For some real soil profile data set we could also plot all texture fractions in the texture triangle to see how frequently one should expect some soil classes to appear:

> require(GSIF)
> data(afsp)
> tdf <- afsp$horizons[,c("CLYPPT", "SLTPPT", "SNDPPT")]
> tdf <- tdf[!is.na(tdf$SNDPPT)&!is.na(tdf$SLTPPT)&!is.na(tdf$CLYPPT),]
> tdf <- tdf[runif(nrow(tdf))<.15,]
> tdf$Sum = rowSums(tdf)
> for(i in c("CLYPPT", "SLTPPT", "SNDPPT")) { tdf[,i] <- tdf[,i]/tdf$Sum * 100 }
> names(tdf)[1:3] <- c("CLAY", "SILT", "SAND")
> TT.plot(class.sys = "USDA.TT", tri.data = tdf, grid.show = FALSE, pch="+", cex=.4, col="red")
Distribution of observed soil textures for the Africa Soil Profiles.

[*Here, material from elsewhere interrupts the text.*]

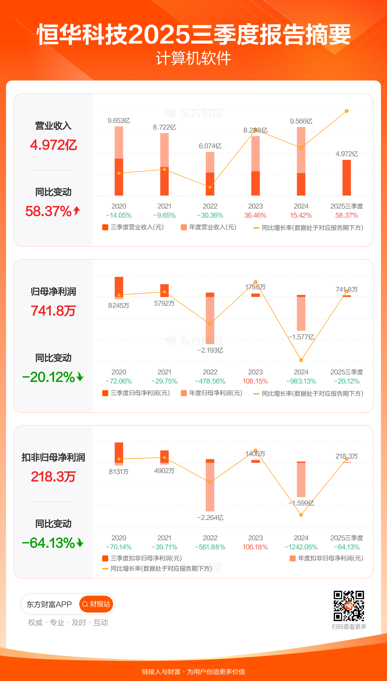 恒华科技10月29日发布2025年三季报显示,公司前三季实现营业收入4.97亿元,同比增长58.37%;归母净利润741.85万元,同比下滑20.12%;扣非归母净利润218.25万元,同比下滑64.13%。

This shows that not all positions in the triangle have the same prior probability. So probably a more sensitive way to estimate uncertainty of converting soil texture classes to fractions would be to run simulations using a density image showing the actual distribution of classes and then, by using the rpoint function in the spatstat package, we could also derive an even more realistic conversions from texture-by-hand classes to texture fractions.

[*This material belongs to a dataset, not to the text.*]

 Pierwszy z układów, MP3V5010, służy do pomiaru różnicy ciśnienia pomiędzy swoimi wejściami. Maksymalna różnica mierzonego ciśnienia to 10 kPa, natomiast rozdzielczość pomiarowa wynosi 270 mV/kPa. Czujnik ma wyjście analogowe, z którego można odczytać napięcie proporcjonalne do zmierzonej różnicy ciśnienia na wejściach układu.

In the next example we look at the Munsell color codes and conversion algorithms from a code to RGB and other color spaces. Munsell color codes can be matched with RGB values via the Munsell color codes conversion table. You can load a table with 2350 entries from the GSIF dokuwiki:

> load(file("http://gsif.isric.org/lib/exe/fetch.php?media=munsell_rgb.rdata"))
> library(colorspace)
> munsell.rgb[round(runif(1)*2350, 0),]
    Munsell R  G   B
81 10B_2_12 0 60 123
> library(colorspace)
> as(RGB(R=munsell.rgb[1007,"R"]/255, G=munsell.rgb[1007,"G"]/255, B=munsell.rgb[1007,"B"]/255), "HSV")
            H          S         V
[1,] 3.529412 0.07981221 0.8352941

This shows that, for any given Munsell color code, it is relatively easy to convert them to any other color system available in R.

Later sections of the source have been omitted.